Since Hoskins' entire circle of friends consisted mainly of scrupulously moral Quakers, whenever the subject of commercializing the game arose, it was rejected.

"We weren't business people," Hoskins explained. "We were school teachers. It was a good game the way it was."

Since the game was being played in Atlantic City, it no longer made any sense to have properties named after places in Indianapolis or parts of Pennsylvania.

The discussion came up that the names were for the most part unknown to us ... Why not use Atlantic City names? ... We named them out in honor of people who belonged to our group. For instance, well, Boardwalk was first. Everybody knows that, Boardwalk. But the Joneses were living on Park Place and the Claridge was being built across the street and the Marlborough Blenheim was right there. That was obviously a very expensive part of the town and one that we wanted to honor.

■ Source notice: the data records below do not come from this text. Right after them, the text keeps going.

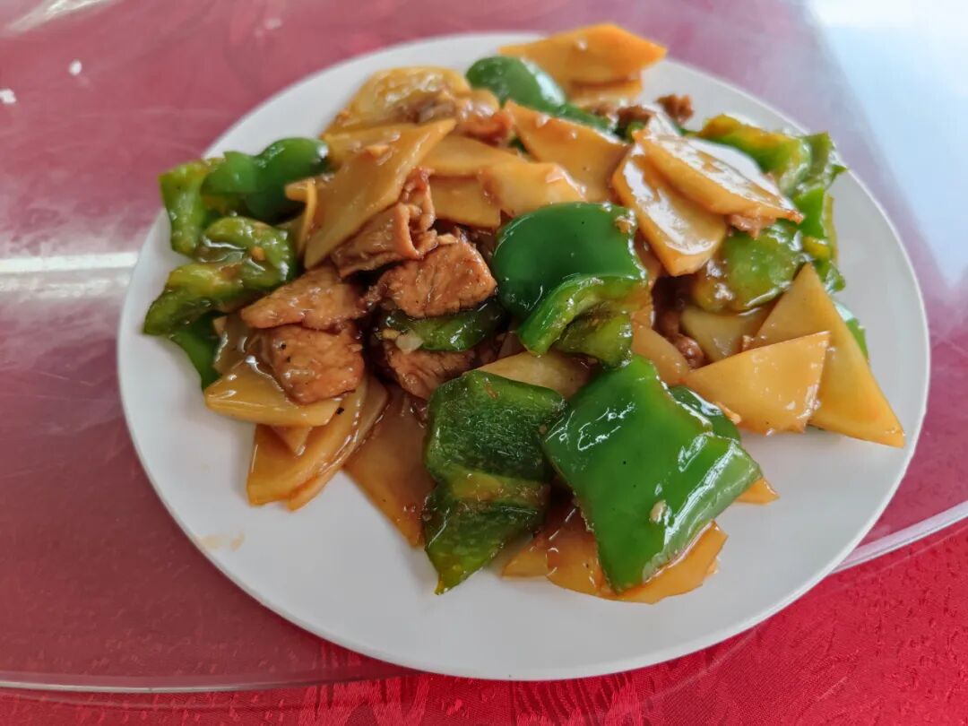 晚上又让厨子给我炒了个土豆青椒,我要求加点肉片,价钱跟中午一样就行。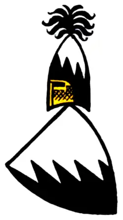 - Durch Spitzenschnitt (4 1/2) schrägrechts geteilt von Weiss und Schwarz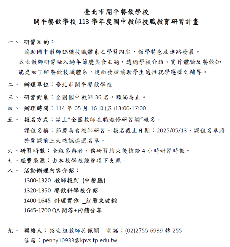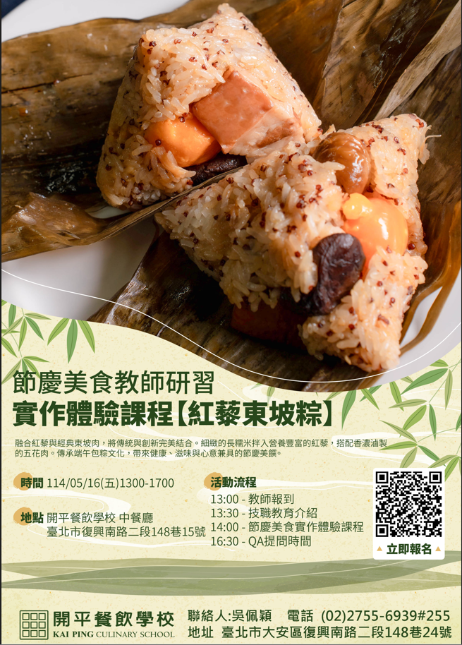 四、報名方式:採線上報名,請上”全國教師在職進修資訊網”報名,課程名稱:節慶美食教師研習,課程代碼:4993113。報名截止日期:114年05月13日(二),課程名單將於開課前三天確認遴選名單。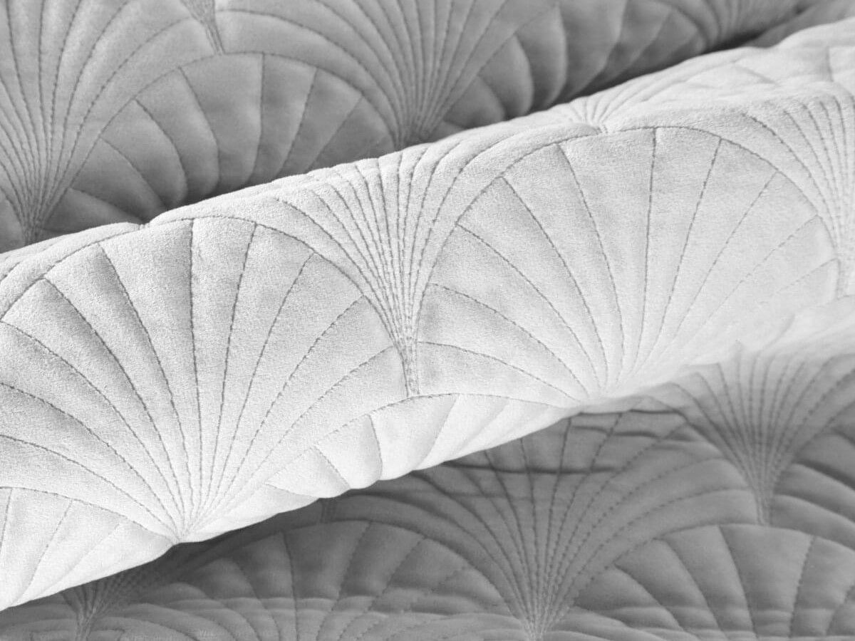Dodejte své ložnici nový svěží vzhled s novým přehozem přes postel. Přehoz vaši postel ochrání před zašpiněním a prachem. V chladných dnech vám poslouží i jako náhrada deky. Kromě toho se jedná o vkusný bytový textil, díky kterému bude vaše ložnice ještě útulnější. Přehoz RIA v sametové bílé barvě zaručí pocit čistoty. Povrch přehozu je sametový se vzorem art deco vějířů.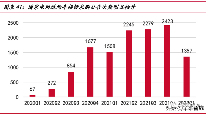 根据国家电网招标采购公告次数,我们发现过去两年,招标采购次数明显上升, 尤其是 2021 年国家提出要建设以新能源为主体的新型电力系统后,招标再次走量。预计 2020Q4-2021Q4 的招标采购放量将对全行业未来两年的业绩构成支撑。

"We were living on Pennsylvania Avenue ... The Copes lived on Virginia Avenue at the Morton Hotel ... So it developed gradually.

"... I know that there were the utilities and I know that the four railroads were there ... We had 'Free Parking' and we had 'Go to Jail' and we had tickets to get out of jail and you got $200 as you passed 'Go'."

[Ralph Anspach's lawyers are taking witnesses such as Ruth Hoskins through tremendous detail in this history because Parker Brothers' last defense is that Charles Darrow put the Atlantic City streets on the board and therefore his game is different from other versions of Monopoly. Darrow's widow has repeated that statement under oath and newspapers and magazines from coast to coast, along with Maxine Brady in her definitive Monopoly Book, have also repeated it.)

Hoskins also suggested Connecticut, Vermont and Oriental Avenues. "All these I made up and then we discussed it with the group."

Other members of the group added New York Ave., Community Chest and Marven Gardens "because although it wasn't a street, there was somebody living there".